_Prompt_
What you return should be the full listing, word for word, without a single image.

_Available data_
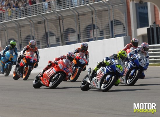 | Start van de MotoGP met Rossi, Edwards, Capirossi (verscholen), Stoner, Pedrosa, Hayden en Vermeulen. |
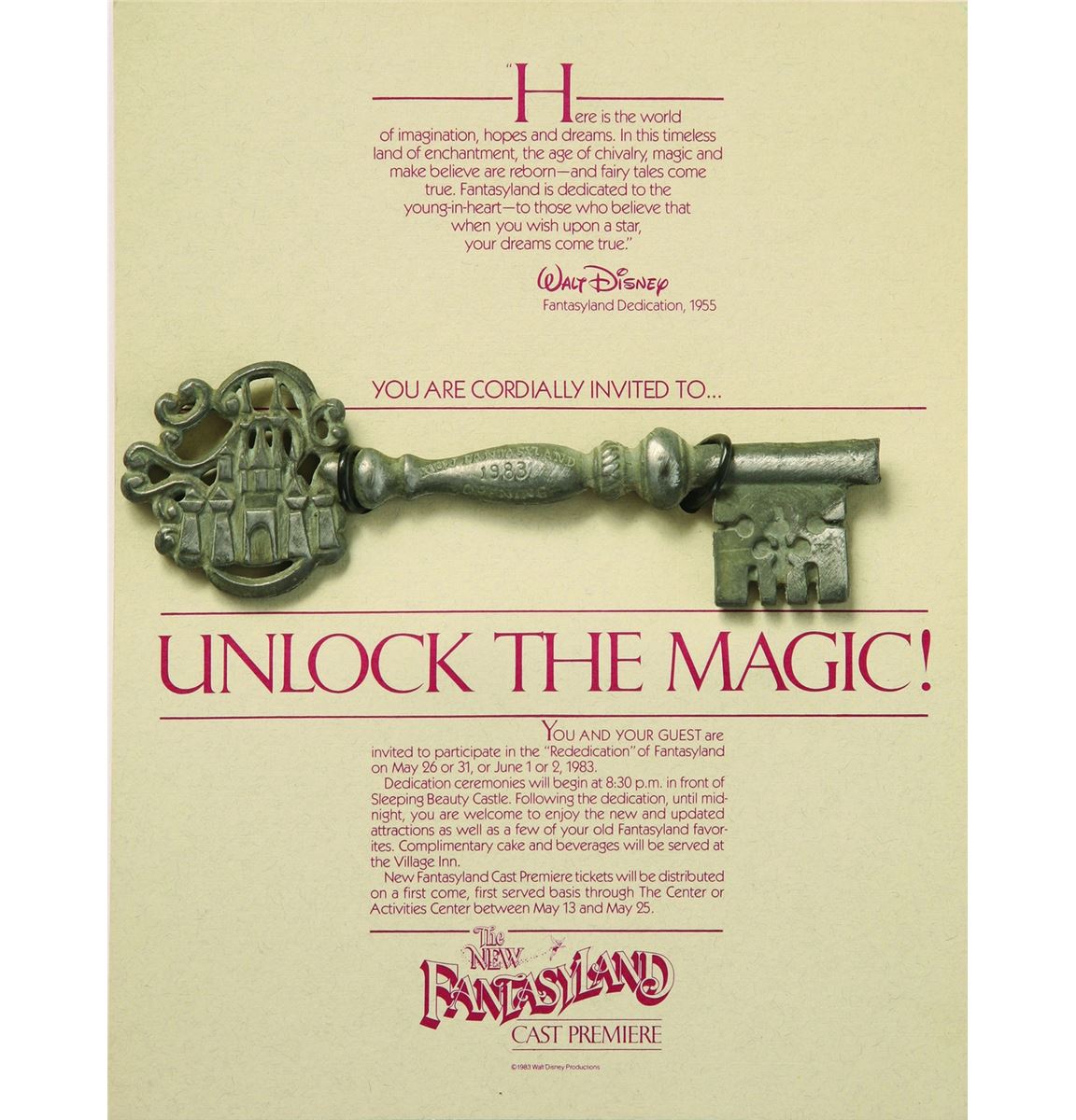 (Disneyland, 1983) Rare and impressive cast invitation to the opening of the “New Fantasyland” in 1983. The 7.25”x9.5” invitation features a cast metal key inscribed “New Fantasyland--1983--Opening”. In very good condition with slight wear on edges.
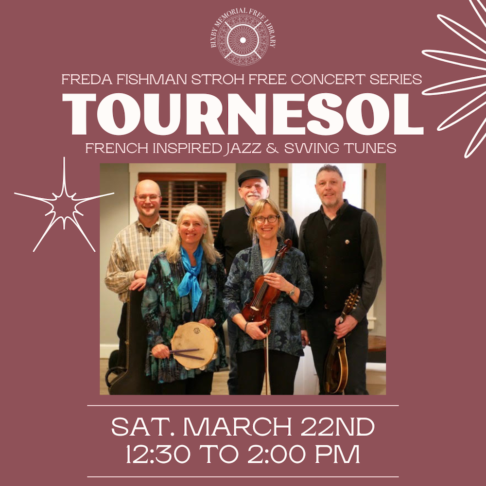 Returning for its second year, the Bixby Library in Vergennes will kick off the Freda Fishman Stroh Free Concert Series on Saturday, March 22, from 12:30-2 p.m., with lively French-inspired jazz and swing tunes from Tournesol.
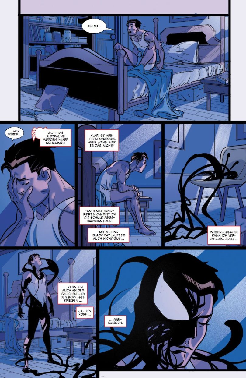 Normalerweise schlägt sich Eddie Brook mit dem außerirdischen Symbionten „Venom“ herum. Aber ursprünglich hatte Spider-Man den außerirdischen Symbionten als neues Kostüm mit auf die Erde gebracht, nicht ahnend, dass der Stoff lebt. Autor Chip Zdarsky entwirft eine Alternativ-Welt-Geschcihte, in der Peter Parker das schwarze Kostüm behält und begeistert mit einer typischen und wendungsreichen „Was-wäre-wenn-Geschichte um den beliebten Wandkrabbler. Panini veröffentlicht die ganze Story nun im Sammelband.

_Your solution_
 | Start van de MotoGP met Rossi, Edwards, Capirossi (verscholen), Stoner, Pedrosa, Hayden en Vermeulen. |
 (Disneyland, 1983) Rare and impressive cast invitation to the opening of the “New Fantasyland” in 1983. The 7.25”x9.5” invitation features a cast metal key inscribed “New Fantasyland--1983--Opening”. In very good condition with slight wear on edges.
 Returning for its second year, the Bixby Library in Vergennes will kick off the Freda Fishman Stroh Free Concert Series on Saturday, March 22, from 12:30-2 p.m., with lively French-inspired jazz and swing tunes from Tournesol.
 Normalerweise schlägt sich Eddie Brook mit dem außerirdischen Symbionten „Venom“ herum. Aber ursprünglich hatte Spider-Man den außerirdischen Symbionten als neues Kostüm mit auf die Erde gebracht, nicht ahnend, dass der Stoff lebt. Autor Chip Zdarsky entwirft eine Alternativ-Welt-Geschcihte, in der Peter Parker das schwarze Kostüm behält und begeistert mit einer typischen und wendungsreichen „Was-wäre-wenn-Geschichte um den beliebten Wandkrabbler. Panini veröffentlicht die ganze Story nun im Sammelband.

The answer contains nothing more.